To that end, King Antiochus Epiphanes had a Greek gymnasium built across the street from the Second Temple and made it a legal requirement for Jerusalem’s men to visit it at least once. The thought of stripping nude in a public place blew the minds of Jerusalem’s faithful Jews, and they rose in bloody revolt to stop it.

In time, Hellenistic rule fell apart in the area and was replaced by the Romans. It was during this time, early in the first century A.D., that one of the Jews from Nazareth inspired a new religion, one that saw itself as a continuation of Jewish tradition, but with scriptures of its own:

Gospels: The four Gospels in the King James Bible — Matthew, Mark, Luke, and John — tell the story of Jesus’ life and death (and what came after that). These books are named after Jesus’ apostles, although these books’ actual authors may have just been using those pseudonyms for more credibility.

The first Gospel to be written may have been Mark, which then inspired Matthew and Luke (John differs from the others). Alternatively, all three may have been based on a now-lost older book known to scholars as Q. Whatever the case, evidence suggests that Acts seems to have been written at the same time (the end of the first century A.D.) and by the same author as Mark.

Epistles: The Epistles are a series of letters, written to various early congregations in the eastern Mediterranean, by a single individual. Saul of Tarsus famously converted after an encounter with Jesus on the road to Damascus, after which he changed his name to Paul and became the single most enthusiastic missionary of the new religion. Along the way to his eventual martyrdom, Paul wrote Epistles of James, Peter, Johns, and Jude.

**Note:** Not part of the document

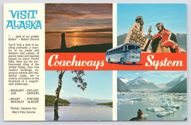 Transportation~Bus~Alaska Coachways System~4 Alaska Scenes & Bus~Vintage PC

Paul established churches throughout the eastern Mediterranean, principally in urban centers by convincing Pagans (i.e., adherents of any of the empire’s polytheistic religions) that the Jewish God was the only God and that Jesus was his Son who had died for the sins of the world and was returning soon for judgement on the earth (1 Thessalonians 1: 9 – 10). After converting many people in one area, he would then move onto another local, and usually with success, would convert more people there as well.

However, after moving locations, he would often receive word that another community that had already been established (and converted), started having issues of immorality and corruption. There were telling’s of “false teachers” arriving and teaching notions that were contrary to what Paul had taught. Upon receiving such news, Paul would write a letter back to the community, addressing the issues. These letters were very important to the lives of the community and many came to be regarded as scripture.

Apocalypse: The book of Revelation has traditionally been attributed to the Apostle John.

Unlike the other traditional attributions, this one wasn’t very far off in terms of actual historical authenticity, though this book was written a little late for someone who claimed to know Jesus personally. John, of Revelation, seems to have been a converted Jew who wrote his vision of the End Times on the Greek island of Patmos about 100 years after Jesus’ death.

While the writings attributed to John actually do show some congruity between who wrote the Bible according to tradition and who wrote the Bible according to historical evidence, the question of Biblical authorship remains thorny, complex, and contested.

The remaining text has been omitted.